This subproject extracts heart-rate signals from face video with a focus on robustness to motion and lighting.
The pipeline has evolved from basic spectral estimation toward a more complete stack that integrates:
- Edge-model AI for ROI detection: lightweight on-device models provide robust face/ROI timestamping.
- Forward–backward Lucas–Kanade optical flow to stabilize facial ROIs across frames.

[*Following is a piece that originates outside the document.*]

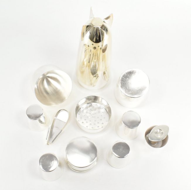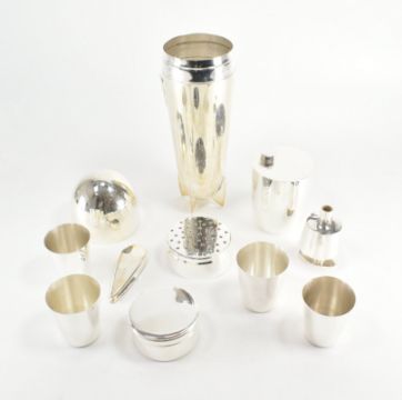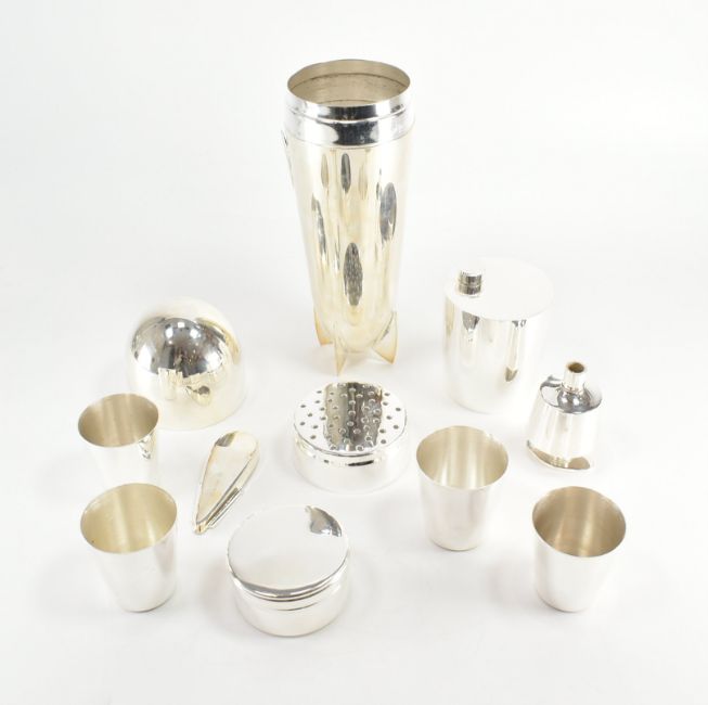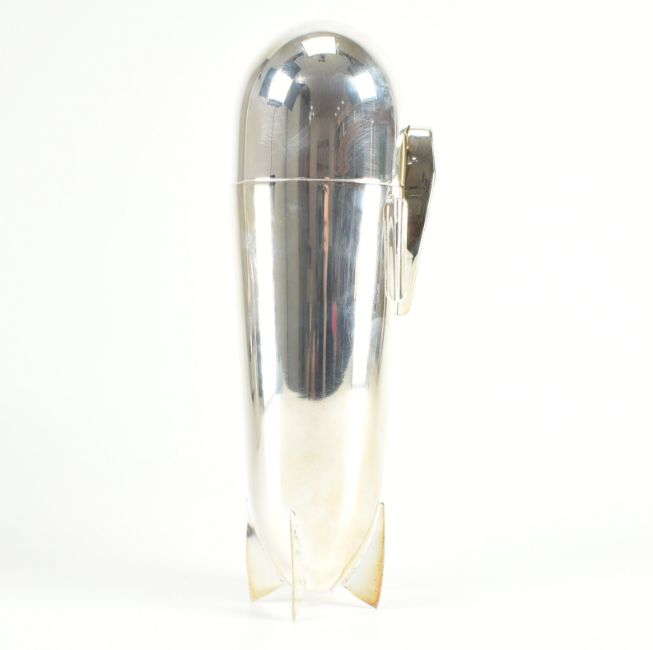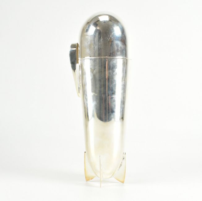 A silver plated zeppelin cocktail shaker. The cocktail maker in the form of an airship having many various components such as measures & strainer. Total weight approx 626.4g. Measures approx 25cm.

- Standard-deviation motion metrics to down-weight or reject unstable segments.
- Aperture, exposure, and white-balance consistency checks to minimize camera-induced artifacts.

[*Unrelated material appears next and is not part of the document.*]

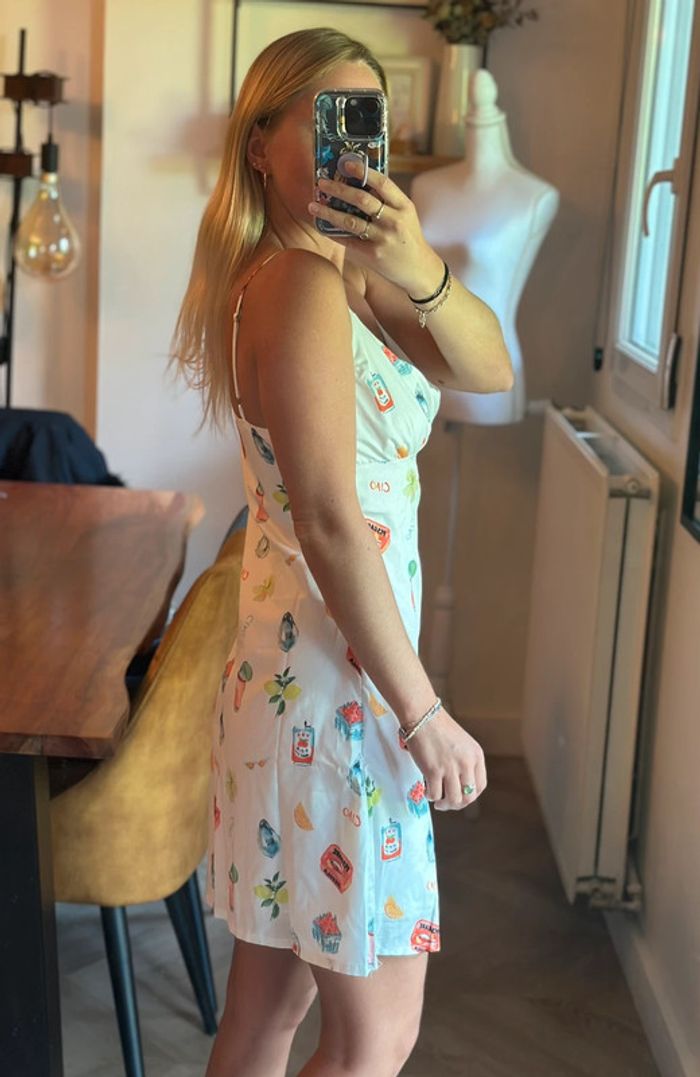 Robe courte blanche imprimée fruits & boissons – Taille S - photo numéro 5

- Spectral estimators (FFT peak, wavelet ridge, Butterworth band-pass) applied on the stabilized, pre-filtered signal.
- ROI stabilization with forward–backward Lucas–Kanade optical flow
- Motion-aware selection: standard deviation of flow/intensity used as a rejection/weighting criterion
- Camera consistency handling: aperture/exposure/WB checks preserve physiological variation over environmental noise
- Multiple estimators: FFT, wavelet, and Butterworth filtering for heart-rate extraction
- Outputs: BPM time series with optional confidence metric, plots for each method, and debug visuals showing ROI tracking
The Full_Stack/ directory contains the culmination of the rPPG pipeline — combining all major components into a single, reproducible workflow.
- End-to-end integration: from video input → ROI stabilization → motion filtering → heart-rate estimation.
- Unified interface: a single driver script to run preprocessing, optical flow stabilization, motion rejection, and spectral analysis together.
- Configurable parameters: window size, overlap, frequency band, detector type, and motion thresholds adjustable in one place.
- Output suite: synchronized CSV logs, BPM plots, and debug visuals (ROI trajectories, motion metrics).
- Scalability: designed for batch processing of multiple clips with consistent settings.
This folder demonstrates how the individual methods explored earlier (optical flow, motion metrics, spectral estimators, and camera consistency checks) come together in a complete rPPG pipeline.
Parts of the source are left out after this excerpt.